How Many Calories Do You Need?

How Many Calories Do You Need?

On 24 Nov 2014, in Wellness, health, nutrition

Your BMR (basal metabolic rate) is the number of calories your body needs each day to perform basic functions. From the time you go to sleep at night until you go to sleep the next night, your body is using calories to fuel the body. Nearly 75 percent of the calories you eat each day are used by the body for this purpose.

You expend energy no matter what you're doing -- even when you are sleeping. It takes calories to breathe, build new red and white blood cells, build muscle tone, pump blood throughout the body, think, raise or lower your body temperature and all other basic body functions -- not to mention the calories needed for moving around, working, reading and everything else you do in a day.

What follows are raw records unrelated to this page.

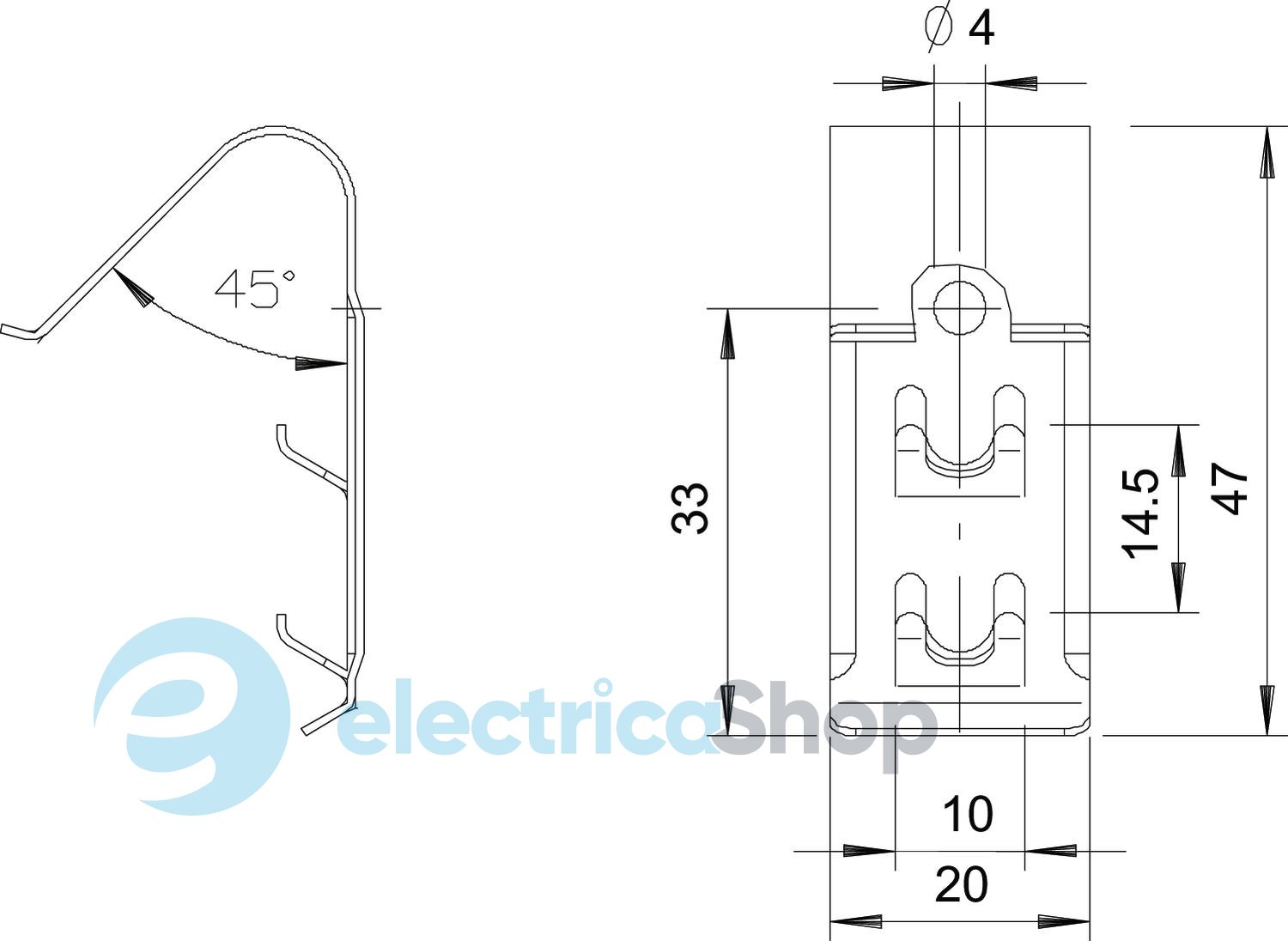 Затискач для кришки для універсального закріплення неперфорованої кришки на кабельному лотку, дротяному лотку та на мініканалах AZ. Скоба для кришки не підходить для використання із дротяними лотками з висотою борту 35 мм.
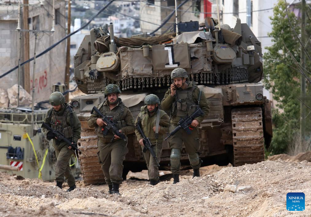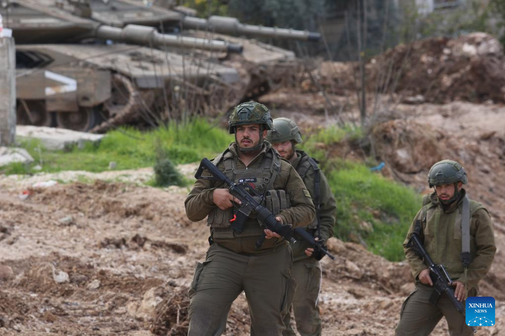 Israeli soldiers are seen during a military operation in the West Bank city of Jenin, on Feb. 24, 2025. Israeli Defense Minister Israel Katz on Sunday ordered the military to prepare for a yearlong presence in refugee camps in the West Bank as Israel escalates the ongoing large-scale military campaign in the occupied Palestinian territory. (Photo by Nidal Eshtayeh/Xinhua)
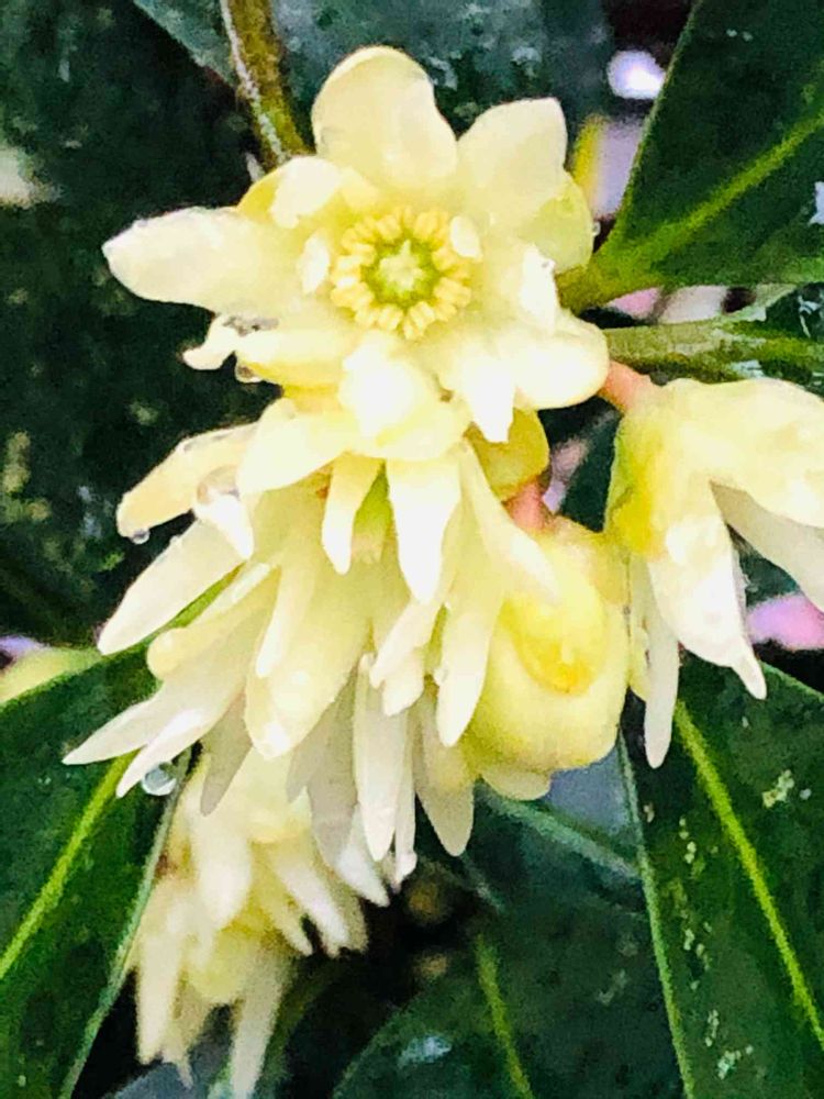 3月21日、お彼岸に、お墓の周りで見つけた、「おしきみ」の淡くやさしい色合いの花🌼🌼🌼
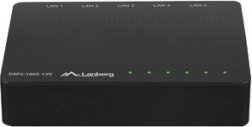 LANBERG DSP2-1005 er en lille og praktisk switch med 5 RJ-45-porte, der understøtter hastigheder på 10/100/1000 Mbps med automatisk detektion og konfiguration af forbindelsen. Takket være den universelle 12V strømforsyning er den kompatibel med mange enheder, såsom overvågningssystemer og andre IT-enheder, hvilket gør det muligt for brugeren at tilpasse strømforsyningen efter behov.
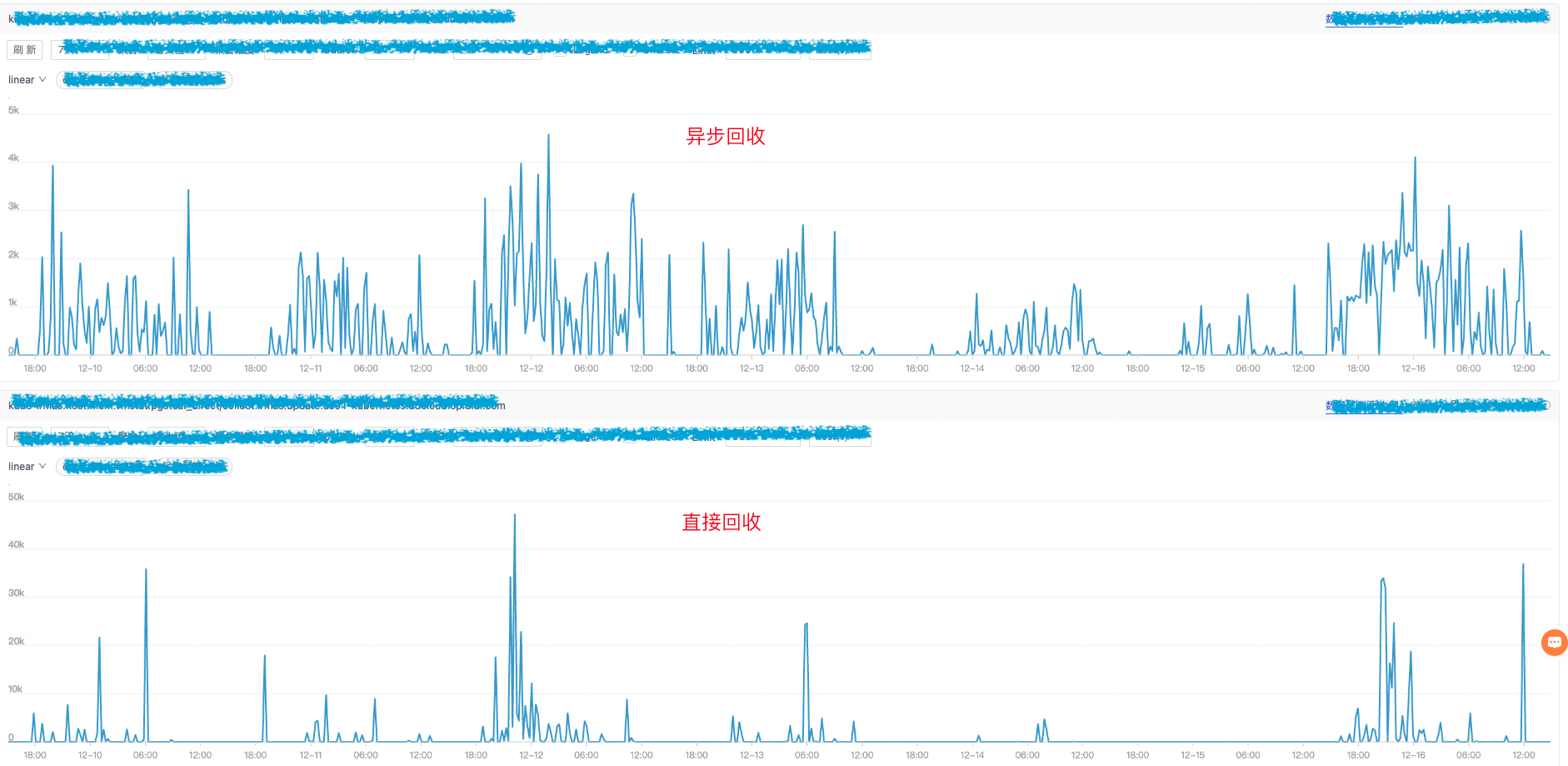 接下来需要搞明白,为什么会出现整机的内存回收。业务同学提供了多个出问题的容器。继续观察发现出问题的机器和原来一直没有问题的机器的机型不同。我们分别对比这些机器的内存直接回收和kswapd曲线。
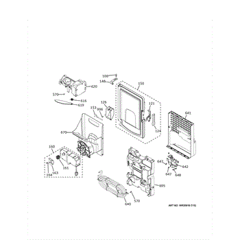 The Ice Box Door Assy is an OEM part for GE refrigerators. It is the complete door assembly housing the storage bins for ice cubes on the fresh food door.
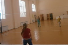 Безнең мәктәп спортзалы каникулда да гөрләп торды. Укучылар волейбол, мини - футбол, бадминтон уйнадылар.
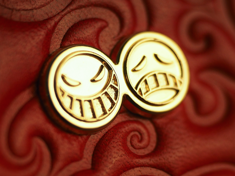 金色徽章刻有艾斯招牌帽子上的TWO FACE標誌,首次出場與最終場的戲劇性,也刻畫在長夾上。
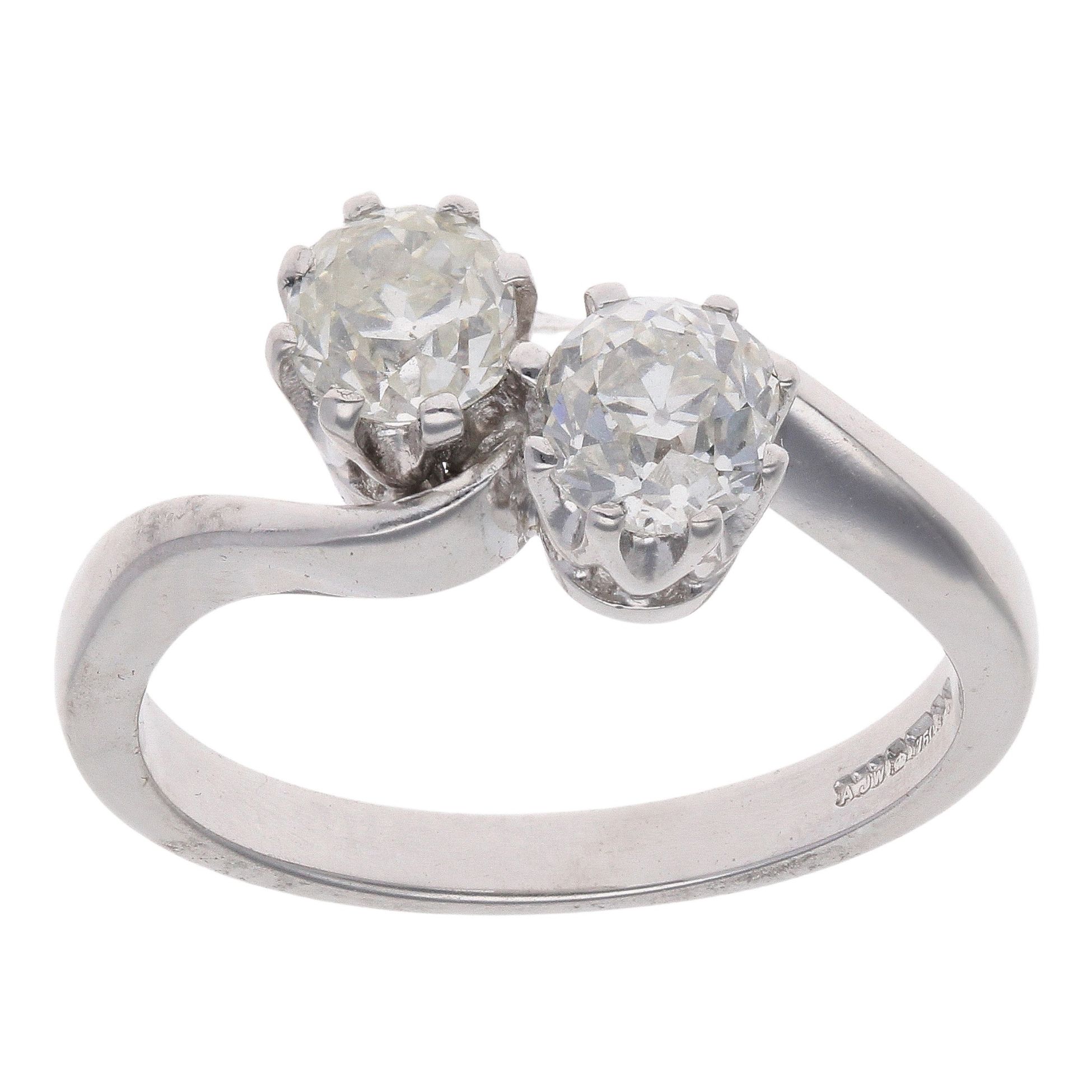 18ct White Gold 1.00ct Brilliant Cut Diamond Two Stone Twist Ring
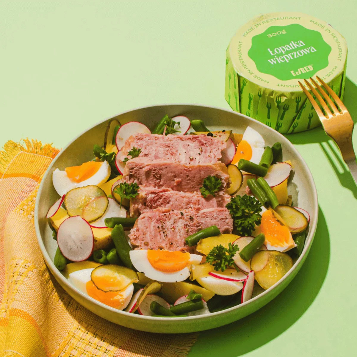 Łopatka Wieprzowa od Ed Red to rzemieślnicza interpretacja klasyki polskiego wędliniarstwa, zamknięta w nowoczesnej i wygodnej formie puszki. Połączenie tradycyjnej receptury z najwyższą jakością surowców tworzy produkt klasy premium, który pozwala cieszyć się autentycznym smakiem tradycyjnej wędliny w każdych warunkach.
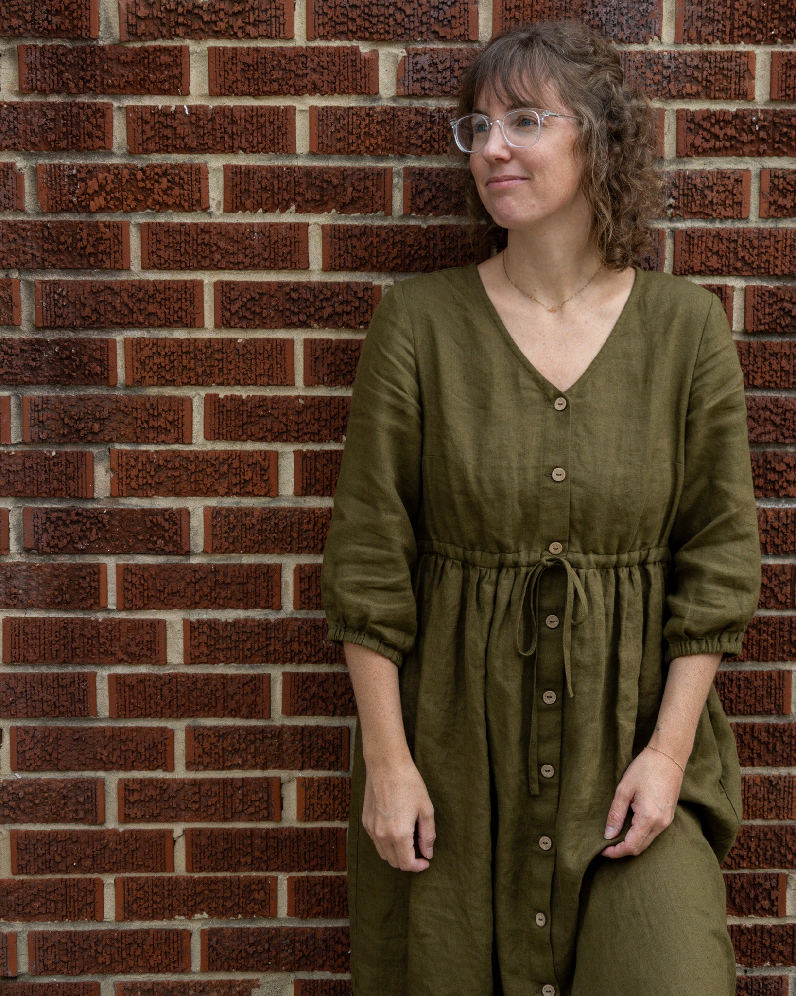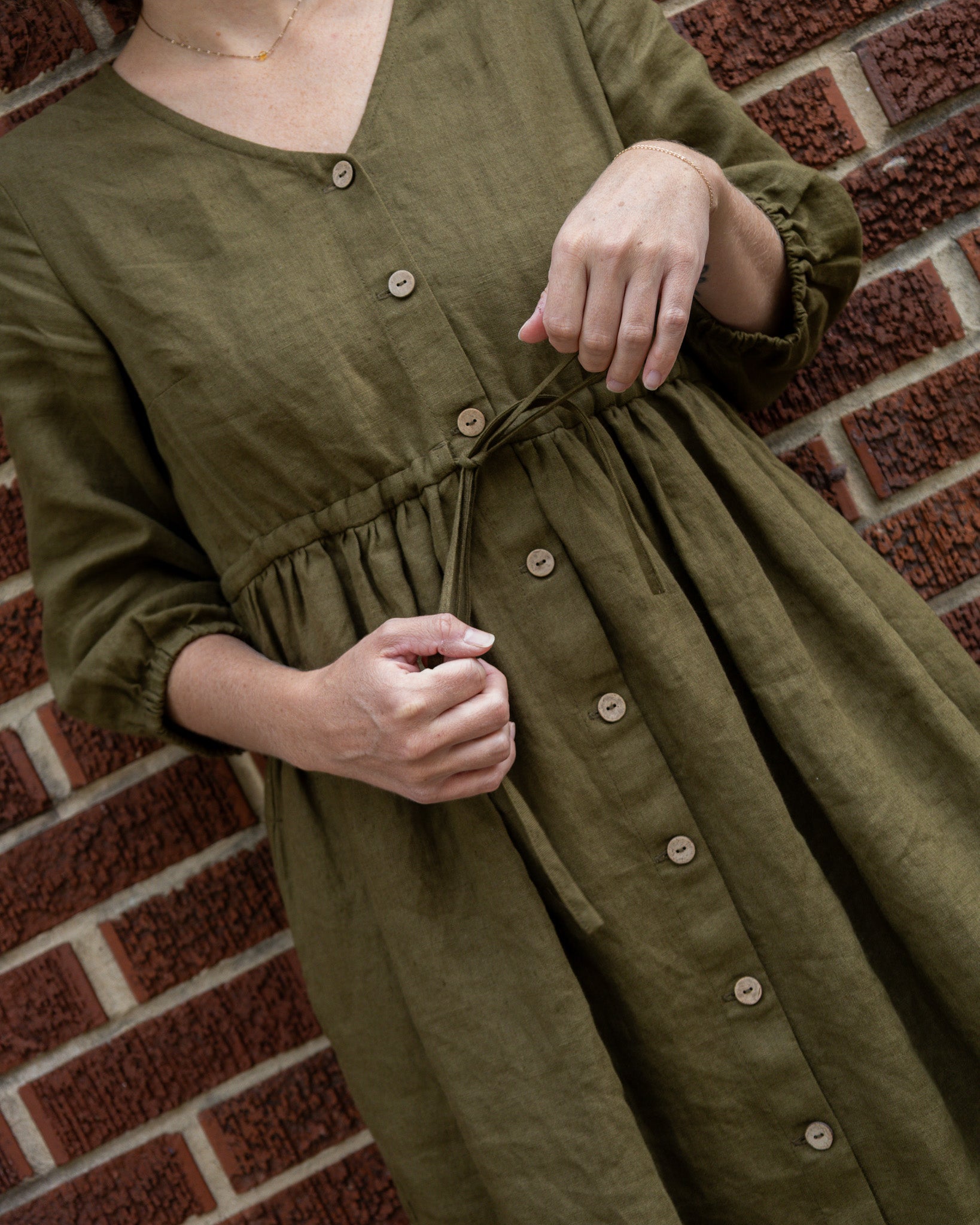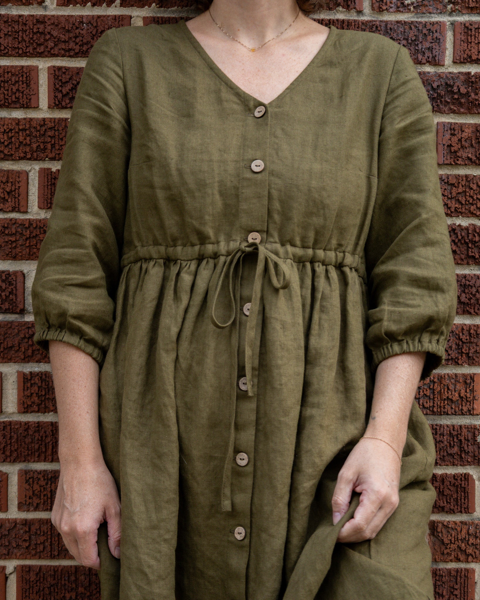 • Adjustable waist tie that can be cinched for shape or worn loosely.
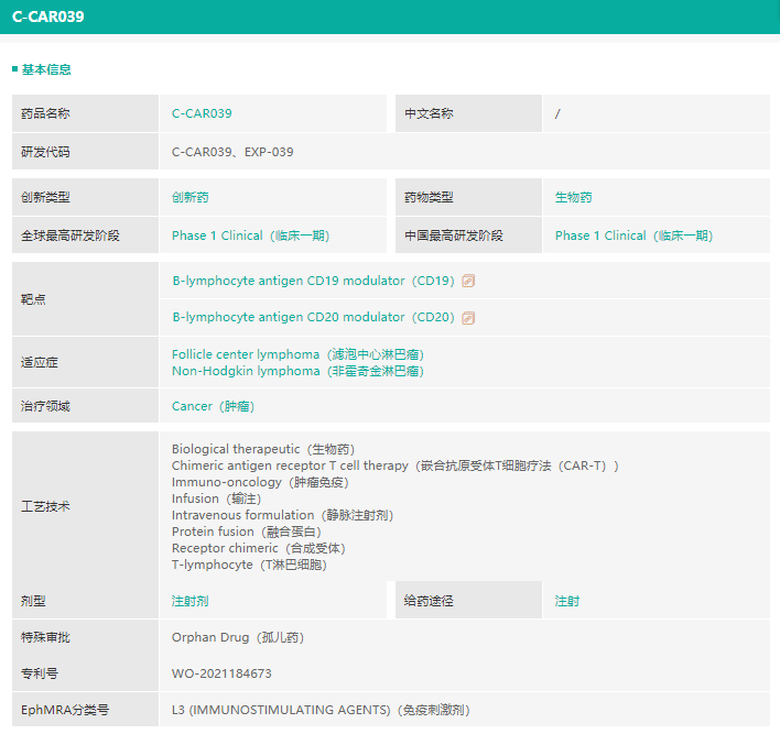 另外,在2021年6月, C-CAR039已被美国食品和药物管理局 (FDA)授予孤儿药认定 (ODD),用于治疗滤泡性淋巴瘤,一种惰性形式的非霍奇金淋巴瘤。同年12 月 10 日FDA正式批准了 C-CAR039 的 IND申请 。
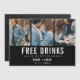 Casamento engraçado salve os cartões magnéticos de data em um moderno design preto de três fotos que lê "Bebidas grátis e vamos nos casar".
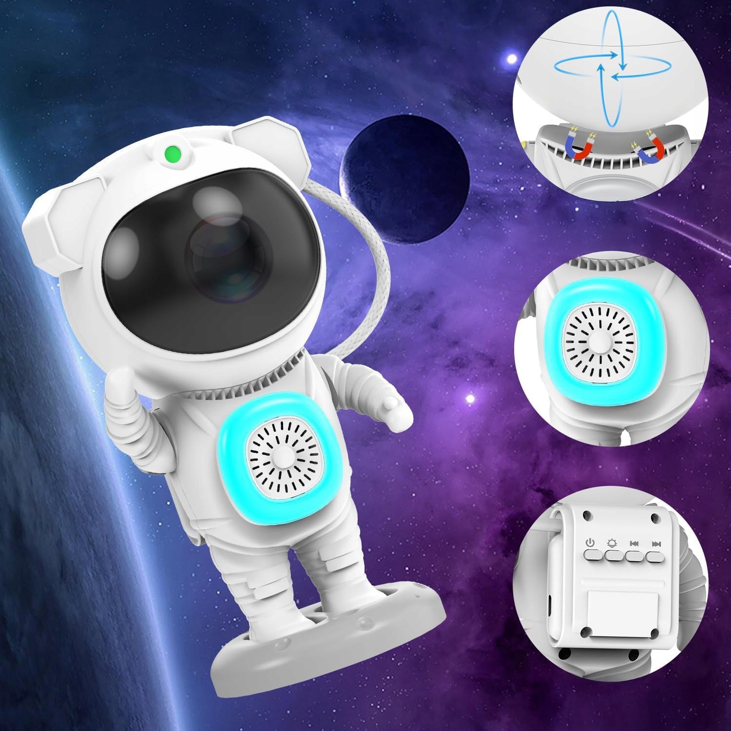Этот очаровательный проектор в форме космонавта также является универсальным компаньоном! Его тело (грудь) излучает свет семи разных цветов (красный, зеленый, синий, желтый, фиолетовый, розовый, белый). Вы можете выбрать постоянный цвет, чтобы создать определенное настроение, или установить режим плавной смены цветов. При этом «голова» космонавта (объектив проектора) проецирует 7 туманностей разных цветов и рассыпает бесчисленное количество «звезд» на потолке и стенах спальни. Всеми режимами можно легко управлять с помощью пульта дистанционного управления. Удобно лежа в постели, вы сможете открывать и переключать все волшебные комбинации, позволяя нежному свету звезд и цветов сопровождать вас во сне и сладких снах. 😴✨

If you've noticed that it becomes harder every year to eat whatever you want and stay slim, you've learned that your BMR decreases as you age. Likewise, depriving yourself of food in hopes of losing weight also decreases your BMR, as your body adjusts how it burns fuel depending upon the amount of fuel it is given.

If you eat more calories than your body metabolism needs, you will gain weight. There are 3,500 calories in every pound of body fat. So, if you eat 500 calories more a day than your body needs, you will gain one pound every week.

Knowing your BMR can help you maintain your weight, because you will know approximately how many calories you need each day to perform basic bodily functions. This can also help you determine your exercise needs.

Your BMR is influenced by many factors:

Gender -- Men have a greater muscle mass and a lower body fat percentage. This means they have a higher basal metabolic rate.

Medications -- Some drugs slow down BMR dramatically.

Genes -- Some people are born with faster metabolisms, some with slower metabolisms; this genetic metabolic fact cannot be changed.

Age -- BMR reduces with age. After age 20, it drops about 2 percent per decade.

Exercise -- Physical exercise influences body weight by burning calories, but it also helps raise your BMR by building extra lean tissue (lean tissue is more metabolically demanding than fat tissue), so you burn more calories even when sleeping.

Weight -- The more your weight, the higher your BMR; for example: the metabolic rate of obese women is 25 percent higher than the metabolic rate of thin women.

Body Surface Area -- The greater your body surface area factor, the higher your BMR, i.e., tall, thin people have higher BMRs.

Body Fat Percentage -- The lower your body fat percentage, the higher your BMR; the higher body fat percentage in the male body is one reason why men generally have a 10-15 percent higher BMR than women.

Diet -- Starvation, eating disorders or serious abrupt calorie reduction can dramatically reduce BMR by up to 30 percent; restrictive low-calorie weight loss diets may cause your BMR to drop by as much as 20 percent.

Other Factors -- Other factors include body temperature and health, hormones, external temperature and glands/ glandular function.